Круглое и пухленькое личико Алекса Паниковски залилось непосредственным детским румянцем.

– Ну, чито ви, господин Коробейников. Я очень льюблью Рашша и…

– …и потому скрываете, что знаете русский язык, – продолжал бесцеремонно уличать вице-консула отставной историк. – Александр Яковлевич Паниковски, дорогой Саша, утверждает, что устроился на работу в госдепартамент США без всякого блата, якобы на общих основаниях с коренными американцами. Насколько мне известно, эмигрантам в первом поколении путь в такие учреждения заказан – не так ли, уважаемый мистер Паниковски? Так скажите нам, за какие такие заслуги перед американским государством вам было сделано послабление?

– Ви заблуждаетесь, мистер Коробейникофф, у вас устаревший информэйшн об эмигрантах. Меня взяли на дипломатический работа как знатока России.

– Он теперь, Саша, стал большим другом нашей страны, но для этого ему нужно было сначала эмигрировать в Штаты и притвориться, что плохо говорит по-русски. Зачем вы, Паниковски, изображаете из себя американца, не умеющего произнести букву «ы»? А? Скажите на милость.

Бендеру всё это резко резало слух, ему показалось, что его старый знакомый под влиянием выпитого слегка перебарщивает по части критики бывшего жителя Бендер и пренебрегает общепринятыми нормами приличия. Как можно так обращаться с иностранцем да ещё облечённым официальными полномочиями! Однако, как ни странно, оба они – и Паниковски, и Коробейников – не замечали никаких нарушений правил приличия или делали вид, что не замечают.

– Как вы находите нас после длительного отсутствия? – поинтересовался для вежливости Бендер.

– О, очень интересно, чрезвычайно! – с энтузиазмом и без всякого наносного акцента отозвался Паниковски. – Страну стало просто не узнать. Столько поразительных изменений!

– Да уж куда как интересно! – тут же отозвался Коробейников. – Изменения! И все в вашу пользу!

– А в какой сфере бизнеса вы работаете? – задал в свою очередь вопрос Паниковски.

– Самой разной, в основном в сфере импорта-экспорта, – неопределённо ответил Бендер.

– Сейчас он станет спрашивать тебя, какими секретами ты располагаешь, – мрачно пообещал Коробейников и потянулся рукой за «абсолютом». – Вы пить с нами будете, мистер вице-консул? Ах, вы за рулём. Ну-ну. Воздержитесь, дипломатам выпивка не новинка. Впрочем, никакой вы не дипломат, Паниковски, а самый настоящий ловец душ. Что вы так на меня смотрите? Шпион вы чистой воды, а не консул. Что ж вы молчите, как нелегальный эмигрант на таможне?
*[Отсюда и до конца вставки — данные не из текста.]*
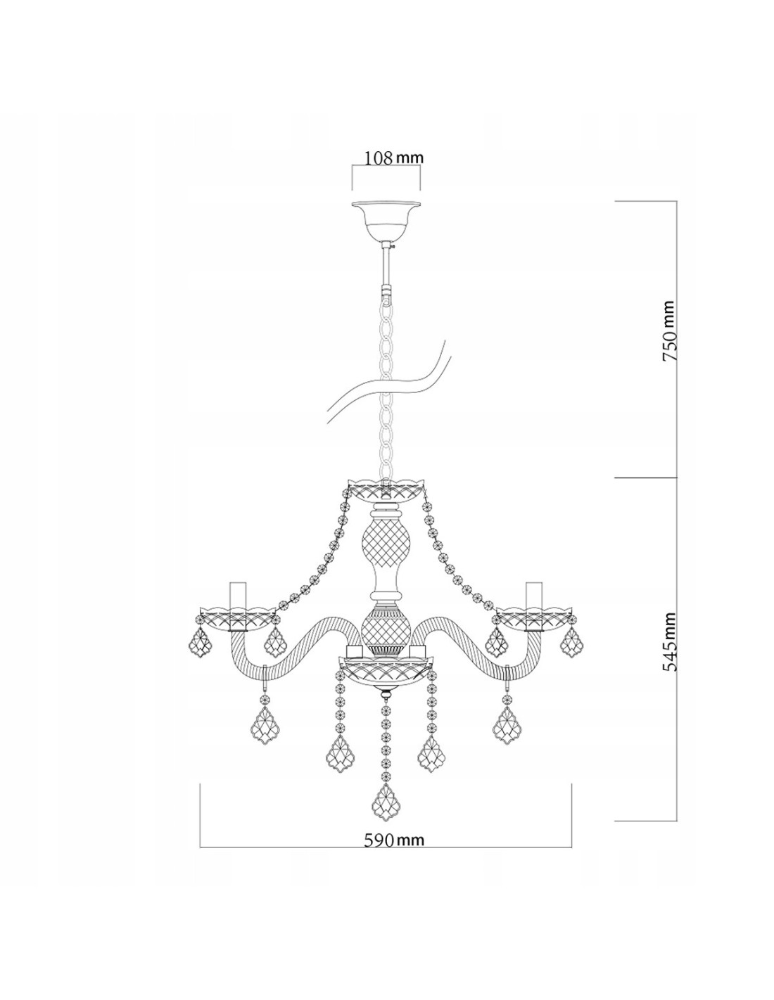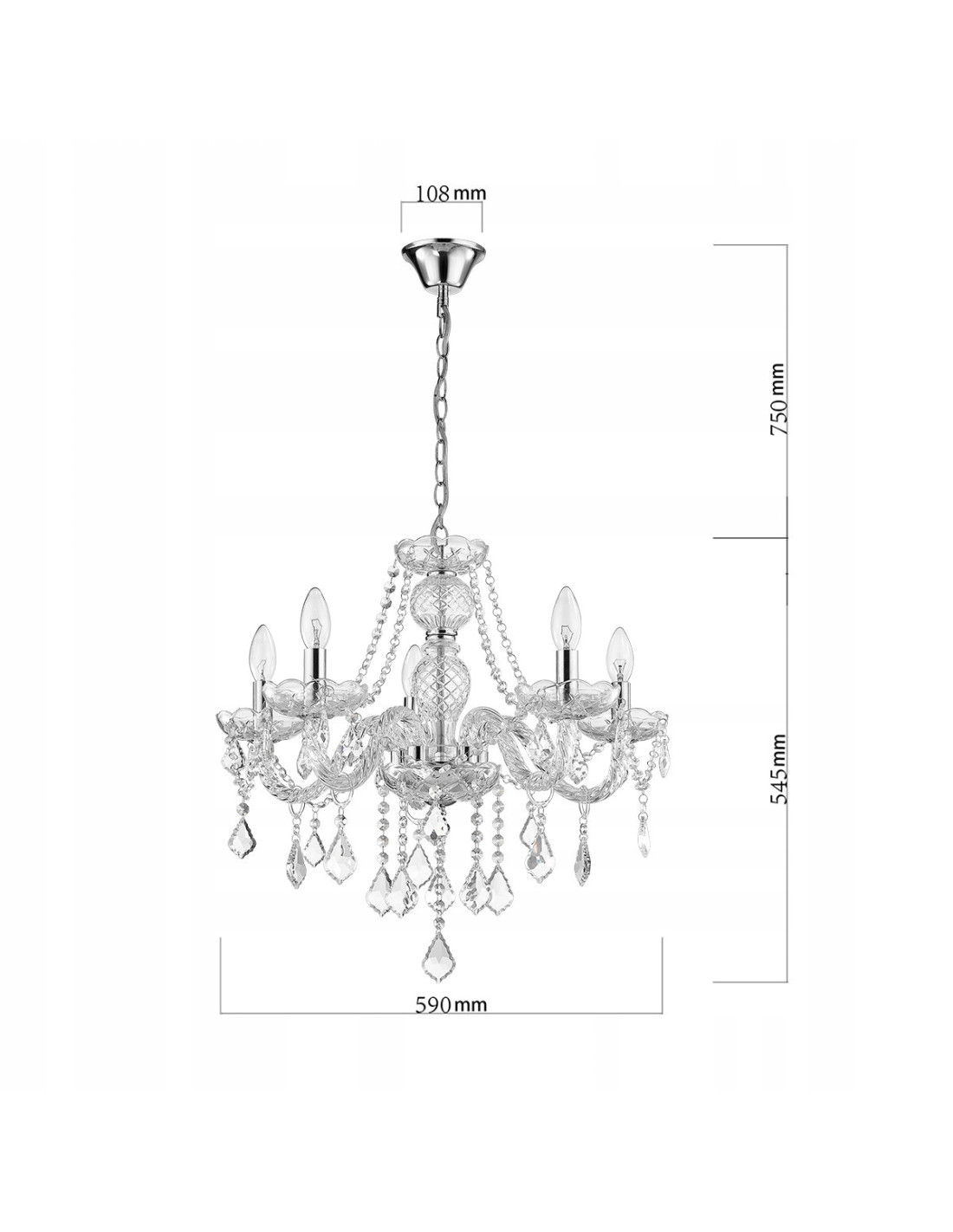 Żyrandol z kolekcji Cristallo oferuje możliwość regulacji wysokości, co pozwala na idealne dostosowanie do indywidualnych potrzeb oraz charakteru pomieszczenia. Przy maksymalnej wysokości 130 cm i szerokości 56 cm, jego rozmiar czyni go wszechstronnym rozwiązaniem, które znajdzie zastosowanie zarówno w niewielkich, jak i większych przestrzeniach.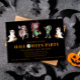 Invitations amis à vous halloween costume fête d'anniversaire en style, avec cette incroyable invitation halloween avec des monstres éffrayants sur un arrière - plan noir idéal pour toute fête costumée.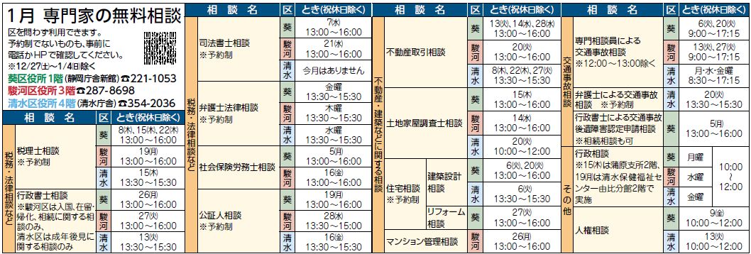 くらし 1月専門家の無料相談 64/70 前の記事 次の記事 発行日 : 2026年01月01日 自治体名 : 静岡県静岡市 広報紙名 : 広報しずおか『静岡気分』 令和8年1月号 消費生活・多重債務についての相談は、生活安全安心課消費生活センター相談窓口へどうぞ(静岡庁舎新館1階/清水庁舎4階) 【電話】221-1056【FAX】221-1291 ※平日9:00~16:00 Tweet シェアする SHIZUOKA KEIRIN 本場開催 1月健康・生活に関する無料相談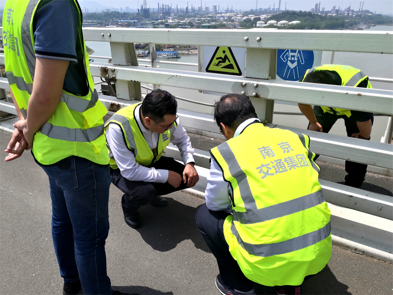 期間,調(diào)研團隊前往南京棲霞山長江大橋(南京四橋)進行了實地參觀交流。雙方針對跨江大橋的養(yǎng)護管理工作進行了探討,對大橋養(yǎng)護經(jīng)驗和共性問題進行了意見交換,并對高速公路傳統(tǒng)行業(yè)數(shù)字化轉(zhuǎn)型升級工作方向和思路進行了深入交流。調(diào)研人員現(xiàn)場觀摩了南京四橋主橋橋面雨污排水系統(tǒng),該系統(tǒng)從環(huán)保角度設(shè)計,能夠針對?;沸孤┰跇O短時間內(nèi)做到關(guān)閉泄水孔,防止長江污染。

Паниковски вероятно снова бросило в жар, потому что краска стыдливости опять пробежала по его лицу. На такое разоблачение он счёл необходимым ответить опровержением и без всякого акцента:

– Аркадий Варфоломеевич, да угомонитесь вы, наконец! Как вам не стыдно обличать меня в том, о чём я и понятия не имею. В вас сидит реликт былого недоверия ко всем иностранцам.

– Ага, ещё со времён Владимира Красного Солнышка, – подтвердил Коробейников.– Он-то уж и дня не мог прожить без денежек хазарских иудеев. Слава Богу, другой Владимир, Мономах, выселил их всех из Киева.

– Так вы к тому же и антисемит, – окончательно овладел русской фонетикой Паниковски и перешёл в наступление.

– Да ладно-ладно, мы к этому привычны. Как только начинаем правду-матку говорить про евреев, так сразу же приклеивается ярлык антисемитизма. Лучше расскажите, как вы недавно вербовали моего знакомца из московской мэрии и обещали ему за конфиденциальную информацию аж целых двести долларов.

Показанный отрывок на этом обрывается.